Я на женский пол не смотрел: месяц как пришло письмо от сестры… Сначала боль оглушительная, не знаешь, куда себя деть. Куда-то идёшь, крутишь руль, выполняешь приказы, а внутри ничего нет, всё выжжено. Гулкая пустота внутри, как в колодце. Потом ненависть пришла. Немец летит, а я его рожу красную в кабине самолёта представляю – голыми руками разорвать готов, кадык вырвать, глаза выдавить. Такая ярость меня охватывала, что ребята побаиваться меня стали. Просился на фронт, в пехоту – не отпустили. Солдат, говорят, хватает, а с шофёрами дефицит.
Выпивать начал. Глотну спирта – отпускает немного. Так-то ребята у нас не пьющие подобрались, спирт был, положен нам, чтобы матчасть в чистоте содержать. Ну, сливал во флягу немного. Потом Бяшкин заметил – стал канистру в своём кубрике держать. Выдавал скупо, только для дела. Но шофёр спирт всегда найдёт. С лётчиками договорился, у них этого добра – хоть залейся. Пить, правда, невозможно, технический спирт. Но разбавлял пожиже с водой. Сойдёт.
Время идёт, служба тоже. В январе 43-го прорвали кольцо блокады – радость была огромная.
Снабжение не сразу, но получше стало. Потом ещё лучше, к наступлению лета не голодали. Всего в достатке хватало. И стал я замечать, что Лида заглядывается на меня. А как заметит, что я в ответ начинаю смотреть – сразу глаза отводит. Симпатию, значит, проявляет.
Год уже прошёл, как я семью потерял, зарубцевалась рана. Да и ребята локтем подталкивают, мол, не зевай, девушка хорошая. Стал я ей знаки внимания оказывать. Букетик ромашек нарву, слово ласковое скажу, подвезу, куда попросит. Жизнь не стоит на месте. Всё вроде бы правильно идёт, а в сердце заноза. Жена с дочкой придут ночью – и сразу свет не мил, ненавидеть себя начинаю.
Я бы и не решился, наверное, первый, но все случайно вышло. Отвозил её на 9-ю станцию, едем вдвоём по дороге. Между станциями километра три, не больше. Проехали «восьмёрку», а она и говорит:
– Коля, остановите машину.
Мало ли что у девушки случилось. Может, до ветру надо. Хотя это вряд ли, они стеснительные в таких делах.
Останавливаю. А она сидит, не шелохнётся, только смотрит на меня и дышит глубоко, грудь вздымается от волнения. И такая тишина вокруг…
В кабине всё и случилось. Два года у меня женщины не было.
А ночью опять приснились Таня и Лиля. Дочка на руках у меня, жена рядом стоит, молчат и по голове меня гладят. Нежно так прикасаются, ладони тёплые и ласковые. Молчат и улыбаются.
Проснулся я, так гадко мне стало, что словами не передать. Достал фляжку, чистый спирт глотаю, пока он у меня из горла обратно не полез.
С Лидой, конечно, не смог больше. Сторониться её стал, избегать. А она всё почувствовала, вроде бы и не настаивает, только мне самому от всего этого противно было.
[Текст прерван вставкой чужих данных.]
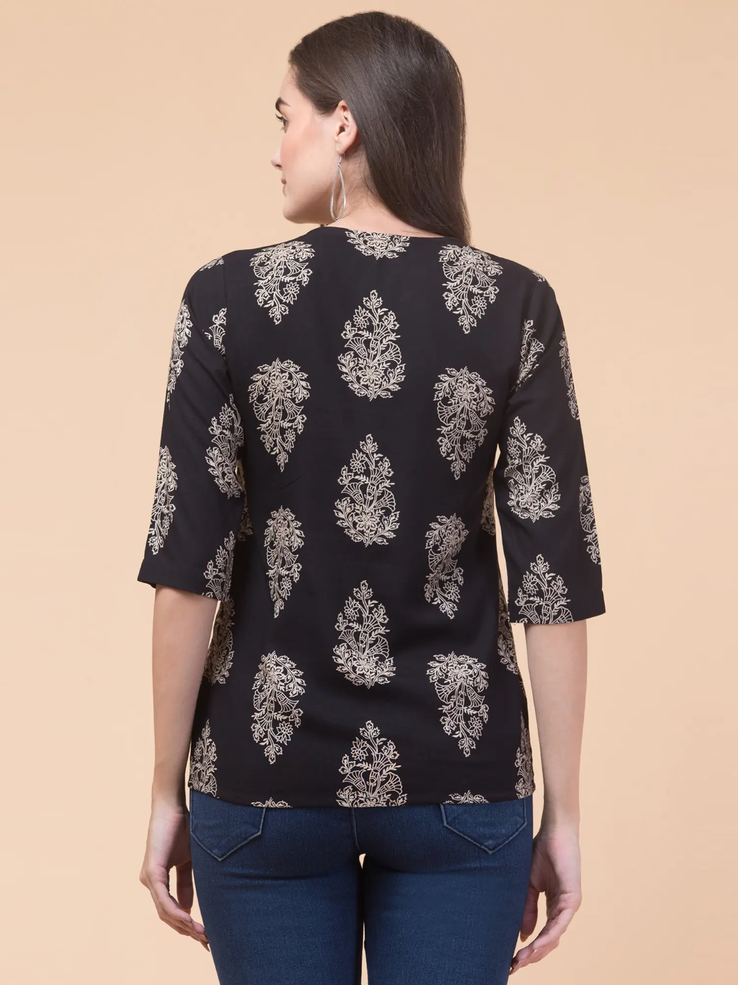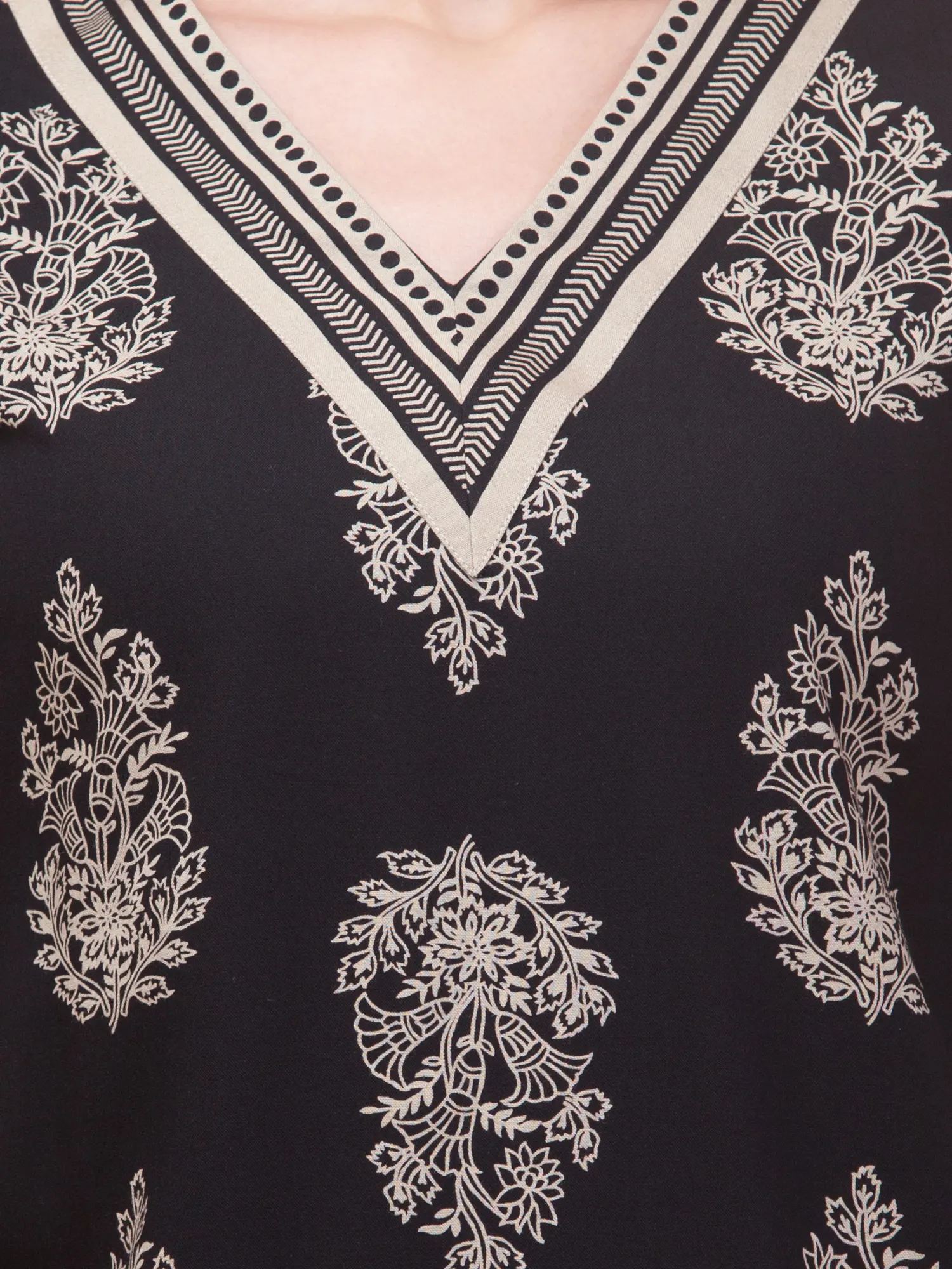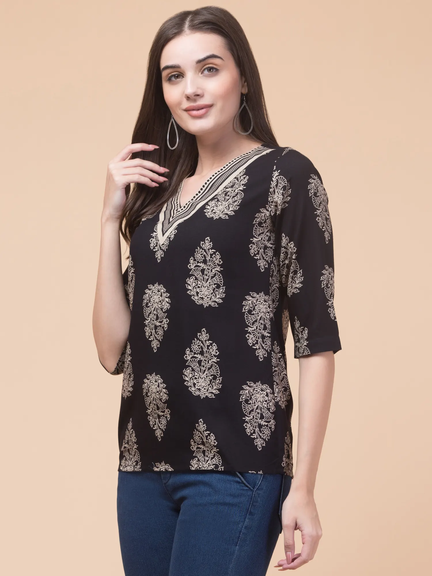 Upgrade your wardrobe with the Hive91 Women’s Black Jaipuri Print Rayon Kurti. Crafted from soft and breathable rayon fabric, this elegant kurti features a sophisticated black base adorned with an intricate white floral pattern. The stylish V-shaped neckline is enhanced with a decorative trim, adding a unique charm to the design. The three-quarter length sleeves provide a modern touch, making it perfect for both casual outings and festive occasions. Pair it with blue jeans, leggings, or palazzos for a versatile and fashionable look. Whether you’re heading to work, a family gathering, or a day out with friends, this kurti ensures comfort and style all day long.

Проходит две недели, а Лида уже с Лешкой Маслобородовым шушукается. И видно, что не назло мне, глаза счастливые у обоих. Тут я и сломался окончательно.
Вот кто-то может обернуться вокруг себя, уйти к другому, как с кочки на кочку перепрыгнуть, а кому-то на роду написано маяться всю жизнь. Отчего так?
Май 2019
Прошло больше месяца, но из архива военно-медицинских документов ответ не приходил. Родионов стал звонить в учреждение, выяснять, дошло ли письмо, когда зарегистрировано, кому расписано. Наконец связался с исполнителем.
– Я думал, вы не позвоните, – ответил спокойный голос на другом конце провода.
– А вы только по звонку работаете? Вообще-то, был официальный запрос, вы обязаны в месячный срок направить официальный ответ.
– Это все понятно, но вы лучше сами приезжайте.
– В каком смысле?
– Приедете – поймёте.
– Если у вас есть информация – направьте в установленном порядке.
– Как знаете. В установленном порядке я вам напишу, что сведения отсутствуют.
– А на самом деле?
– Вы приезжайте, долго объяснять.
До Витебского вокзала Родионов доехал на электричке. Май в этом году выдался промозглым, ветреным. В сквере у Лазаретного переулка дети гоняли голубей, мамочки сидели на скамейках и ёжились от холода.
Архив располагался в здании Военно-медицинского музея, вход был со стороны Введенского канала. Родионов поднялся по широкой лестнице на второй этаж, нашёл кабинет начальника отдела хранения.
– Петраков Андрей Андреевич, – представился мужчина лет пятидесяти, суховатый, с короткими седеющими усиками. По осанке угадывался отставной военный.
– Вы что-то хотели мне рассказать.
– Да, пока вы ехали, я подготовил вам официальный ответ. Это для отчётности.
Мужчина протянул Родионову бумагу.
По существу Вашего запроса в отношении Дмитриева Николая Васильевича, 191 года рождения, по поводу подтверждения ранения (заболевания), полученного им в период Великой Отечественной войны 1941–1945 гг., и установления места его захоронения сообщаю, что в картотеке общего (неполного) учёта раненых, больных и умерших в лечебных учреждениях Советской армии в период Великой Отечественной войны 1941–1945 гг. Дмитриев Н. В., 1911 г. р., не значится.
Сведениями о том, какие лечебные учреждения располагались в н. п. Лебяжье, филиал не располагает.
Сведений об АГЛ-2580 в филиале нет. Госпиталь ЭГ 2580 на январь 1944 года дислоцировался в г. Шексна Вологодской области. Документы на умерших в ЭГ 2580 на хранение в филиал не поступали.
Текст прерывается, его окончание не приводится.